Thanks for asking the question. =:^)  I hadn't made the below conflicting 
patch sets association until I saw it.

> https://btrfs.wiki.kernel.org/index.php/Manpage/mkfs.btrfs

> AFAIK btrfs works with storage and account data by PAGE_SIZEd block,
> so it's must be usefull to check if compressed size will give as at
> least one PAGE_SIZE space.

[Not a dev, just a btrfs list regular and btrfs user.  If the devs say 
different...]

While AFAIK, btrfs now saves data in page-size blocks (tho note that if 
the entire file is under a block it may be inlined into metadata 
depending on various limits, at least one of which is configurable)...

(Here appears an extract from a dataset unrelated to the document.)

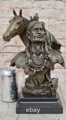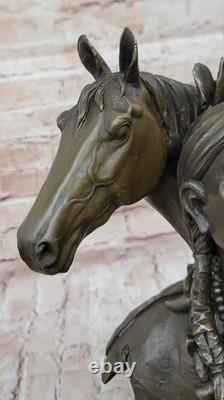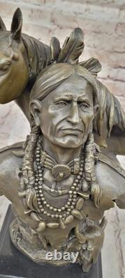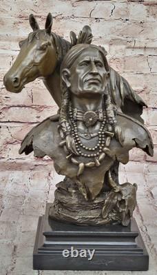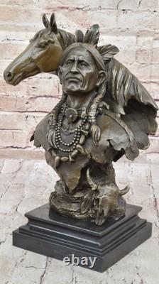 Hot Cast Bronze Sculpture Indian Chief and his Horse Bronze Sculpture Statue LRG.
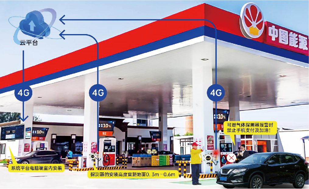 通過對加油站增加可燃氣體探測器及無線聲光報警器等設備,實現了加油站的可燃氣體連續檢測及預警、報警,實現了手機支付的便攜性,提升了工作人員的安全保障,可有效避免發生企業財產損失及人員傷亡事故,提升了可燃氣體泄露報警管控的能力,充分保證加油站日常工作的有序的進行。

There is a sub-page-size patch set that has already been thru several 
revision cycles and AFAIK, remains on the roadmap for eventual merge.

You'd need to check the list or ask the devs about current status, but 
it's quite possible the current code checking for at least one byte of 
compression savings, instead of the at least PAGE_SIZE bytes of savings 
that at present would make more sense, is in anticipation of that patch 
set being merged.

If the sub-page-size block patch-set is no longer anticipated to be 
merged in the relatively near future, it may be worth changing the 
compression profit checks to PAGE_SIZE minimum, as this patch set does, 
but the two patch sets clearly do conflict in concept, so merging this 
one is unlikely to be wise if the other one is still on track for merging.
Timofey Titovets May 21, 2017, 4:54 p.m. UTC | #4
2017-05-21 4:38 GMT+03:00 Duncan <1i5t5.duncan@cox.net>:
> Timofey Titovets posted on Sat, 20 May 2017 21:30:47 +0300 as excerpted:
>
>> 2017-05-20 20:14 GMT+03:00 Kai Krakow <hurikhan77@gmail.com>:
>>
>>> BTW: What's the smallest block size that btrfs stores? Is it always
>>> PAGE_SIZE? I'm not familiar with btrfs internals...
>
> Thanks for asking the question. =:^)  I hadn't made the below conflicting
> patch sets association until I saw it.
>
>> https://btrfs.wiki.kernel.org/index.php/Manpage/mkfs.btrfs
>
>> AFAIK btrfs works with storage and account data by PAGE_SIZEd block,
>> so it's must be usefull to check if compressed size will give as at
>> least one PAGE_SIZE space.
>
> [Not a dev, just a btrfs list regular and btrfs user.  If the devs say
> different...]
>
> While AFAIK, btrfs now saves data in page-size blocks (tho note that if
> the entire file is under a block it may be inlined into metadata
> depending on various limits, at least one of which is configurable)...
>
> There is a sub-page-size patch set that has already been thru several
> revision cycles and AFAIK, remains on the roadmap for eventual merge.
>
> You'd need to check the list or ask the devs about current status, but
> it's quite possible the current code checking for at least one byte of
> compression savings, instead of the at least PAGE_SIZE bytes of savings
> that at present would make more sense, is in anticipation of that patch
> set being merged.
>
> If the sub-page-size block patch-set is no longer anticipated to be
> merged in the relatively near future, it may be worth changing the
> compression profit checks to PAGE_SIZE minimum, as this patch set does,
> but the two patch sets clearly do conflict in concept, so merging this
> one is unlikely to be wise if the other one is still on track for merging.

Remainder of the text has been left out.